23. Son

4 1 0
                                    

Aku meringkuk di atas kasur. Menyelimuti diriku dengan selimut tebal berwarna merah muda. Napasku memburu, jantungku berdegup kencang.

Pikiranku tidak bisa lepas dari apa yang kulihat semalam. Membayangkan semua kejadian itu, membuat perutku terasa diaduk-aduk. Aku ingin memuntahkan makan malamku.

Keringat dingin membasahi pelipis dan punggungku. Aku tidak bisa tenang walaupun sudah menarik napas dan menghembuskan beberapa kali.

Suara langkah kaki dari luar kamar terdengar. Mendekat dan terus mendekat. Kututup telingaku rapat. Sayangnya, aku lupa mengunci pintu.

Pintu kamarku terbuka lebar, memperlihatkan sosok remaja laki-laki kisaran tujuh belas tahun berdiri di ambang pintu.

Dengan pisau daging yang besar. Aku membelalak. Terduduk cepat di atas kasur, terpojok di sudut. Remaja itu mendekat dengan seringai lebar terukir di wajahnya.

"Kau melihatnya."

Kutegak salivaku lamat-lamat. Suaranya menggema dalam kepalaku, menusuk telingaku. Menghantuiku.

Ingin turun dari ranjang, namun jangkauan remaja tersebut lebar. Kamarku yang sempit, aku yang besar. Tidak mungkin bisa menyelip dan menghindarinya begitu saja.

Lagipula, badanku terlalu tegang.

Remaja itu terduduk di ujung kasur, memain-mainkan pisau daging di tangannya. "Kau membukanya, 'kan?"
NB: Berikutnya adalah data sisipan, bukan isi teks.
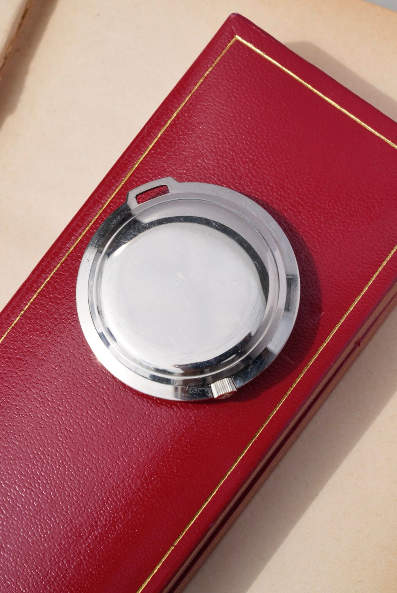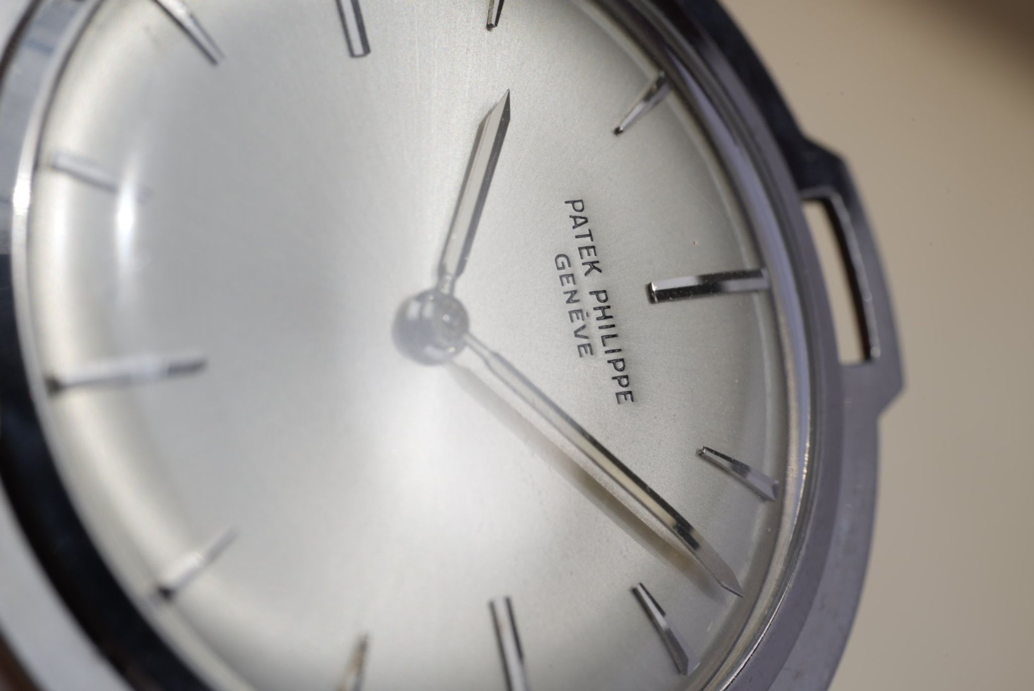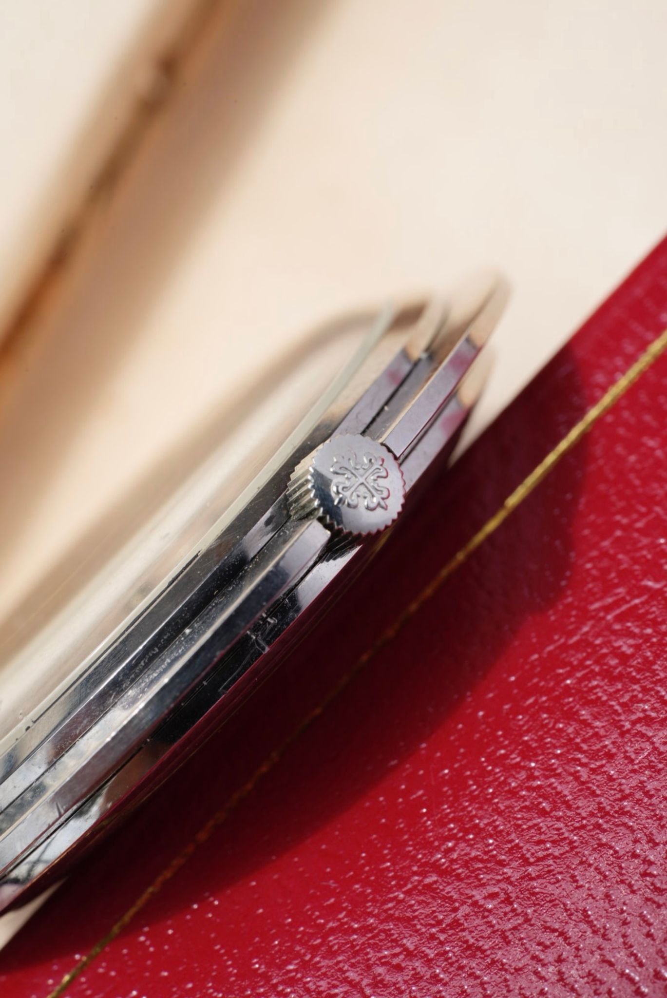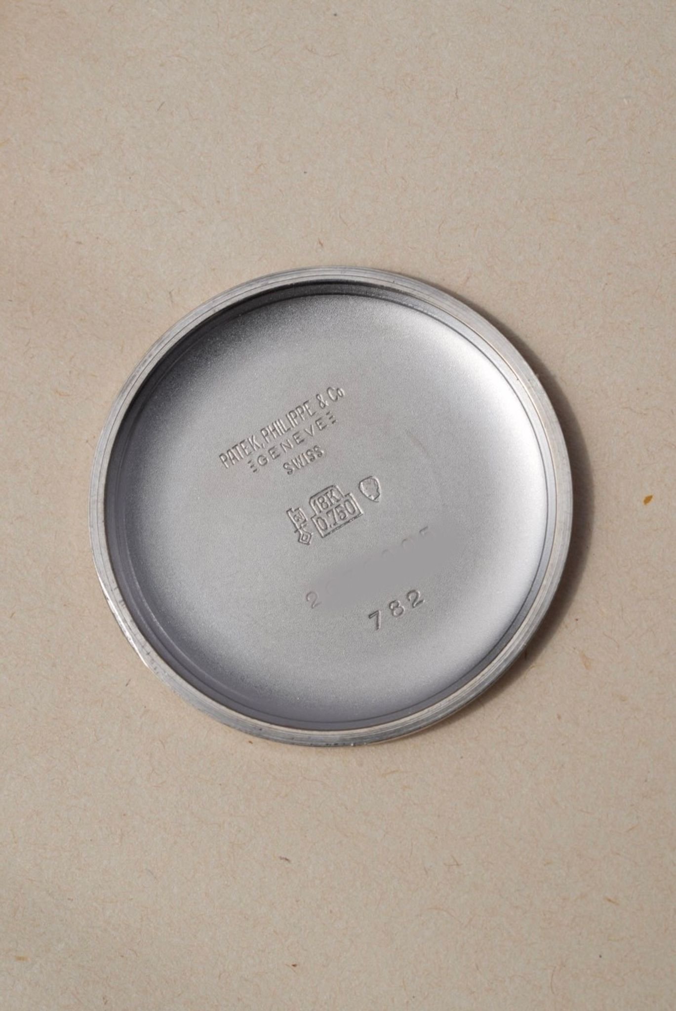 Patek Philippe antimagnetic pocket watch in 18K white gold, reference 782 “Golf”, designed by Gilbert Albert and produced from 1959 to around 1964. The three-part polished white gold case features a winding crown at 6 o’clock. The matte silver dial has white gold baton and dart indexes along with matching baton hands. The watch is powered by the 27-400 AM movement, an antimagnetic caliber with 18 jewels, straight-line lever escapement, monometallic balance, free-sprung self-compensating Breguet

Aku menggeleng. "Aku tidak tahu apa yang kaubicarakan."

"Kau pergi ke ruang bawah tanah kemarin malam," ucapnya. Matanya melirikku tajam, mengintimidasi. Menusuk jiwaku dalam. "Sudah kubilang, 'kan, ruang itu sekarang menjadi ruang kerjaku."

"Ak-aku ... kau tidak pernah seperti ini sebelumnya. Ak-aku pernah ke ruang bawah tanah sekali dan aku---"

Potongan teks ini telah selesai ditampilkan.